Полчаса спустя они сидели друг против друга.
— Кури. Хороший табак… крепковат, но на совесть. — Свияжинов стал набивать свою трубочку. — Не скучаешь здесь? — спросил он погодя.
— Нет. Я не умею скучать. К тому же работа большая, новая. Проблема оленеводства — проблема Севера, в сущности говоря. Правда, у нас здесь с пятнистым оленем задача особая… валютный цех, так сказать. Ты погляди на карту. — Он отодвинулся и обвел рукой пространство на карте. — Видишь эти коричневатые полосы… Урал, Хинган, Уссурийский береговой кряж с Сахалином… все это область распространения северного оленя… верблюды ледяных пустынь, как называют их американцы. Даже Дания начала разводить на вересковых пространствах оленей. А у нас… при наших возможностях… все северное побережье Союза! — Свияжинов последил за движением его руки по карте. — Видишь кружки́? Всё питомники, заповедники, фактории… пушное дело выходит из своей первобытности, становится плановым хозяйством. То же и с оленями.
Он необычно увлекся. Карта волновала его.
— Значит, ты освоился здесь? — спросил Свияжинов. — А мне было бы тесно, по совести. На Камчатке первобытно и дико… зато чувствуешь, что воюешь с природой. А нравы такие — хоть романы пиши. Нет, если меня в хозяйственные будни запрячь захотят, буду проситься назад на Камчатку. Да и пользы от меня будет больше.
— Я каждое дело, которое поручают мне, привык считать за большое дело.
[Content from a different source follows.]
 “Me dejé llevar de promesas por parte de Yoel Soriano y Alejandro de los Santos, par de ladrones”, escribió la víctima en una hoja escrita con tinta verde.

Иначе работать нельзя, по-моему, — сказал Паукст сдержанно.
— А мне нужен размах. Иначе во мне кислота образуется. Ты бы мог живому человеку руку отпилить? — спросил Свияжинов вдруг. — А я смог. В прошлом году камчатский наш врач попал на собаках в пургу… камчатские перегоны знаешь какие? Приезжает на базу — обе руки отморожены. На пальцах начинается гангрена. «Пилите мне руки немедленно». Врач, требует. Было на базе нас трое: я, моторист и обкомовская культработница. Устраиваем совещание. Решаем: пилить. Пилу изготовляет из жести моторист. Врач дает указания, как пилить. Есть хлороформ. Бросаем жребий, кому пилить. Дошли до кости — культработница бледнеет, сваливается. Принимается моторист. Полкости перепиливает — не может дальше. Врач просыпается, кричит: «Хлороформу!» Даем хлороформу. Берусь за пилу, допиливаю руку… потом другую. Кругом тундра, снег, дикость. От мира месяцев на пять отрезаны. Здесь проявить себя можно, сила воли нужна.
Паукст помолчал.
— За эти годы произошла большая перестройка человека, — сказал он. — Особенно на Дальнем Востоке. Наш форпост, впереди — Тихий океан. Тихоокеанская проблема завязана в узел… сейчас особенно. Надо себя пропустить через эпоху, а не эпоху через себя. Ты сам знаешь, какую борьбу мы ведем. Ведь сюда с такими настроениями приезжают: авантюра, дичь, золото в горах лежит, длинный рубль. Или еще — интеллигентики, которые порастрясли себя, во всем разочаровались. Бегут от советских будней. Здесь все-таки вроде Клондайка… можно на Уэлен попасть, настоящих эскимосов увидеть, Америку в подзорную трубу разглядеть. Романтики, которых вычистили из учреждений в центре! Эти люди — зараза для края. А здесь что ни возьми — все упирается в проблему человека. Человек нужен, но только новый человек, с новыми приемами в работе, с новым пониманием целей. А ведь то, о чем ты говоришь… это все же старые дрожжи.
Свияжинов поглядел на товарища. Широкое крепкоскулое лицо, которое не стареет, а только слегка грубеет от времени. Рубашка застиранная, но свежая. Охотник, стрелок.